New in CockroachDB 24.2 is support for vectors. Now we can store vector
embeddings within CockroachDB with pgvector-compatible semantics to build
AI-driven applications. Numerous built-in functions have been added for running
similarity search across vectors. Here, we use the <=>
(cosine similarity)
operator.
The caveat with this is that vector indexing is not supported in this release. Still, that won't stop us from experimenting with some semantic indexing and search. To make up for the lack of indexing on these vectors, we'll add a K-Means clustering step to our app and create an index on the cluster ID values which we'll map to the primary key of the table storing the data. This gives us a two phased approach to search: (1) use this index, (2) order the resulting rows according to each row's cosine similarity to the query string.

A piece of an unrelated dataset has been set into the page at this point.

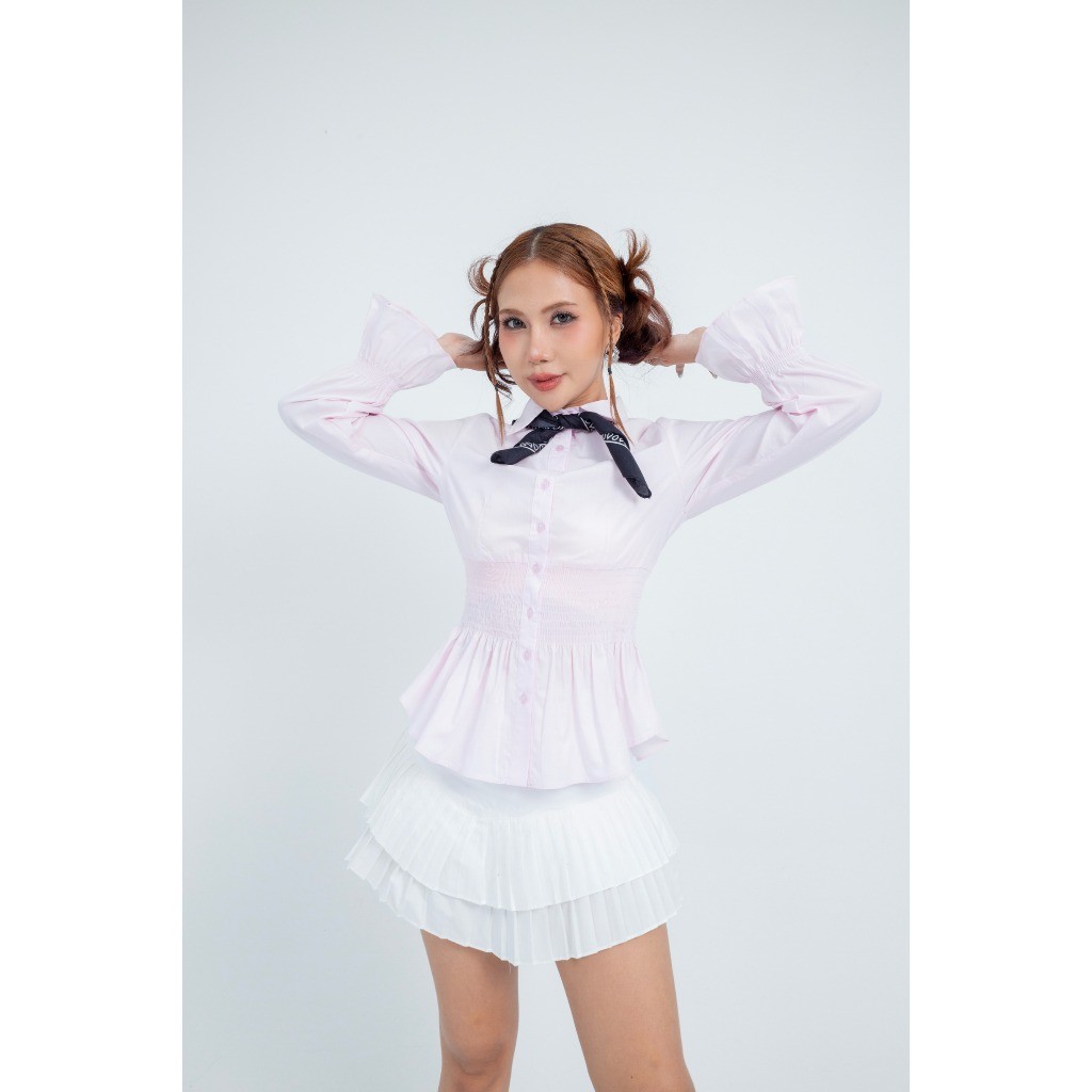 Peachpoppy X Natyashina MOONLIT Kemeja Pinggang Smock & Mini Skirt Pleats- One Set Setelan Terpisah Blouse dan Skirt Kor
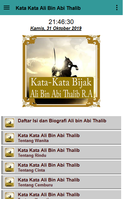 Karena yang menyukaimu tidak membutuhkan itu, dan yang membencimu. Ali bin abi thalib ra lahir di mekkah sekitar 13 rajab 23 tahun sebelum peristiwa hijrah ke madinah atau 599 masehi. Ali bin abi thalib adalah salah satu sahabat nabi yang sudah dijamin akan masuk surga. Di antara sikap tersebut adalah, rasa tanggung jawab atau amanah yang nantinya akan sangat berguna saat dia menjadi pemimpin. Setelah pertempuran jamal, khalifah ali bin abi thalib ra mendesak amir muawiah (ra), yang belum berbai'at kepada ali (ra) untuk tunduk kepadanya demi kepentingan terbaik islam.

This demo can be run locally using the steps outlined below or in Kubernetes (K8s), adjacent to a CockroachDB deployment, using the deployment defined here.
- Install a CockroachDB instance, using version 24.2+
- Apply a CockroachDB Enterprise license
- Create a user account for the app
- GRANT this user/role access to the DB being used
- The app creates all the required tables and indexes
- Run the following to prevent failures from uploading K-Means models to the DB's
blob_store
table:SET CLUSTER SETTING sql.conn.max_read_buffer_message_size = '64 MiB';
The simplest way to get started is to run the Docker image. To do that, edit the
./docker_run_image.sh
file, adjusting the lines near the top as necessary:
# EDIT THESE TO SUIT YOUR DEPLOYMENT
crdb_certs="$HOME/certs"
export DB_URL="postgres://test_role:[email protected]:26257/defaultdb?sslmode=require&sslrootcert=$crdb_certs/ca.crt"
port=1999 # You point your client at this port on localhost, so 'export FLASK_PORT=1999' in env.sh
You can then skip down to Start the Flask server Docker image.
If deploying locally or on a VM, edit the ./env.sh
file; if deploying in K8s, these
variables are defined in the deployment YAML file (./k8s/crdb-embeddings.yaml
).
Here is a detailed explanation of the various environment variables used by the app
and related scripts (search, index, ...):
Host name and port used by the app (a Python Flask REST service):
export FLASK_PORT=8080
export FLASK_HOST=some-host.domain
The DB connection string:
export DB_URL="postgres://some_role:[email protected]:26257/db_name?sslmode=require&sslrootcert=/certs/ca.crt"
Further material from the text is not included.